Picking up on statistical regularities over time is an important prerequisite for language acquisition. For example, learning the transitional probabilities between syllables provides important scaffolding for segmenting the ongoing speech stream into component words – something that is not possible based on auditory information alone. A recent study by Kikuchi and colleagues examined the electrophysiological neural responses to confirmations and violations of an artificial grammar’s rules, but did so in an especially ambitious way – by comparing invasive recordings from human and monkey auditory cortex.

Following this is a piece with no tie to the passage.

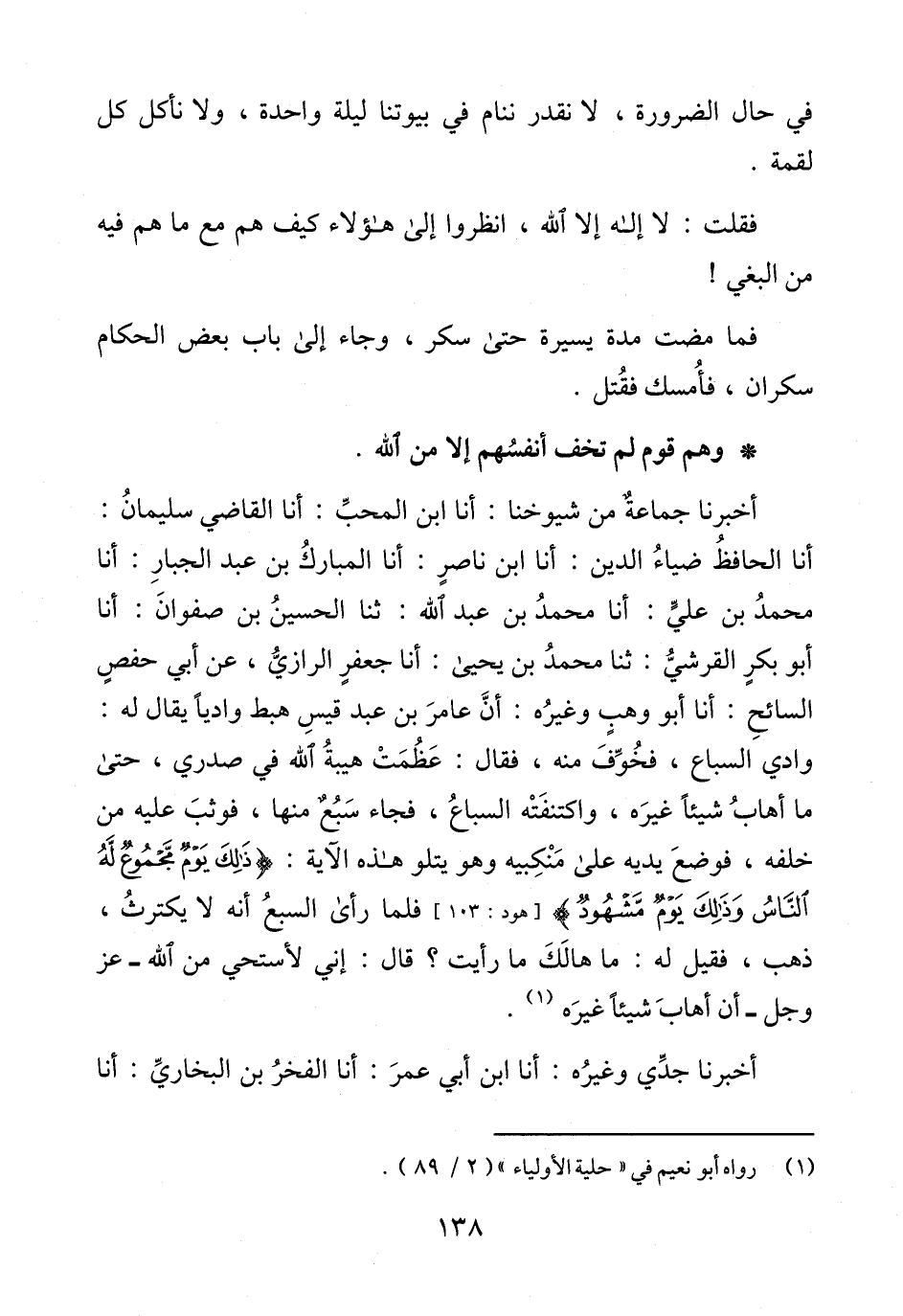 أخبرنا جماعةٌ من شيوخنا: أنا ابن المحبِّ: أنا القاضي سليمانُ: أنا الحافظُ ضياءُ الدين: أنا ابن ناصرٍ: أنا المباركُ بن عبد الجبارِ: أنا محمدُ بن عليٍّ: أنا محمدُ بن عبد الله: ثنا الحسينُ بن صفوانَ: أنا أبو بكرٍ القرشيُّ: ثنا محمدُ بن يحيى: أنا جعفرٍ الرازيُّ، عن أبي حفصٍ السائحِ: أنا أبو وهبٍ وغيرُه: أنَّ عامرَ بن عبد قيسِ هبط واديًا يقال له: وادي السباع، فخُوِّفَ منه، فقال: عَظُمَتْ هيبةُ الله في صدري، حتى ما أهابُ شيئًا غيرَه، واكتنفَتْه السباعُ، فجاء سَبُعٌ منها، فوثبَ عليه من خلفه، فوضعَ يديه على مَنْكِبيه وهو يتلو هذه الَآية: {ذَلِكَ يَوْمٌ مَجْمُوعٌ لَهُ النَّاسُ وَذَلِكَ يَوْمٌ مَشْهُودٌ} [هود: 103] فلما رأى السبعُ أنه لا يكترثُ، ذهب، فقيل له: ما هالَكَ ما رأيت؟ قال: إني لأستحي من الله -عَزَّ وَجَلَّ- أن أهابَ شيئًا غيرَه (¬1).

Both species were exposed to an artificial grammar (sequences of CVC nonsense words concatenated in rule-based ways) for 30 minutes, and then neural recordings were made during listening to sequences in which the context led to a specific nonsense word being consistent with or violating the grammatical structure. In response to all nonsense words, both species showed phase consistency in the theta frequency band (~4–8 Hz) as well as power modulations in the gamma band (>~50 Hz). In addition, significant phase–amplitude coupling was found between the theta and gamma bands in response to nonsense words. The more interesting question then, is what happens in response to confirmations versus violations of the artificial grammar rules?
In both species, phase–amplitude coupling was modulated by both confirmations and violations of the artificial grammar rules. Some neurons liked confirmations, some liked violations, and some liked both. In a classical statistical testing world, averaging over recording sites, this would very much be a null effect. Of course, that’s not how neural population coding goes, so we can imagine that looking at the activity pattern over the population of neurons may have provided more information about whether grammar was being respected, but this type of analysis was not performed. Instead, an analysis is presented which suggests that the latencies of the different neural effects in monkeys at least were different, such that phase–amplitude coupling effects and changes in single-unit activity occurred earlier in time than gamma-power modulations. Keep in mind that these are the latencies of the statistical effects, and not necessarily when the real action starts happening (just when the action crosses a significance threshold). There were no attempts to relate the effects to each other in a more fine-grained way, to learn for example whether single-trial phase–amplitude-coupling modulations might predict subsequent power modulations on the same trial.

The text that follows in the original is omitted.